Par exemple, une étude réalisée en 2018 [en anglais seulement] estimait que le Canada pourrait accroître sa productivité de 5 % s’il procédait à une réforme réglementaire mettant davantage l’accent sur la concurrence dans l’économie canadienne. Tout comme une entreprise confrontée à une concurrence croissante, je pense que nous n’avons pas encore exploré tout notre potentiel concurrentiel en tant que pays, mais nous travaillons dur pour changer cela. Nous avons récemment publié une boîte à outils pour nous aider à renforcer notre économie grâce à l’adoption de politiques plus favorables à la concurrence. Cette publication est disponible sur notre site Web et j’encourage tout le monde à y jeter un coup d’œil. Nous devons tous réfléchir ensemble à ces questions importantes et je vous demande d’envisager comment les principes de la concurrence peuvent être intégrés dans les domaines auxquels touche votre travail. Et, bien sûr, notre équipe au Bureau est prête à aider les responsables de la réglementation et les décideurs politiques qui voudraient évaluer l’impact sur la concurrence de réglementations existantes ou proposées.

Conclusion

Alors que nous nous dirigeons vers un hiver difficile, je voudrais terminer sur une note positive. Bien qu’incroyablement difficile à bien des égards, l’année écoulée nous a montré ce dont les Canadiens sont capables en temps de crise. Nous avons fait face à cette crise non pas individuellement, mais ensemble, et il existe une force et une détermination énormes dans notre grande nation pour surmonter cette tempête et en sortir plus forts de l’autre côté. La réussite économique de notre nation est, au bout du compte, une responsabilité partagée.

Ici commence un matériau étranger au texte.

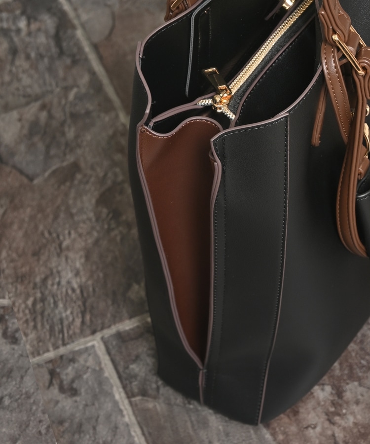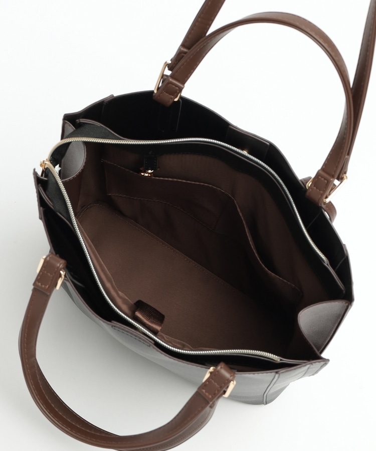 長さの異なる持ち手付きで肩掛けにもなる2Way仕様。

Le Canada a le potentiel de récolter les bénéfices réels d’une culture de la concurrence forte, mais cela exige que nous nous engagions tous. Le rôle du Bureau est de veiller à ce que ceux qui détiennent le pouvoir économique au Canada n’abusent pas de ce pouvoir, et à ce que les entreprises de toutes tailles puissent se livrer une concurrence libre et loyale. Nous continuerons également à promouvoir et à prôner des environnements réglementaires qui donnent la priorité à la concurrence. Tous les ordres de gouvernement doivent trouver le délicat équilibre entre la réglementation et la concurrence. Les entreprises de toutes tailles doivent se livrer une concurrence vigoureuse sur la base de leurs mérites afin de progresser, d’innover, de croître et d’éviter de stagner au détriment de tous. Les consommateurs doivent continuer à voter avec leur portefeuille et à exprimer leur désir d’une concurrence accrue dans tout le pays.

En temps de crise, et dans la reprise économique que nous anticipons, nous savons qu’il est plus important que jamais de s’acquitter de notre responsabilité commune.

Je vous remercie encore une fois de m’avoir invité à m’adresser à vous aujourd’hui, et j’attends avec impatience notre discussion.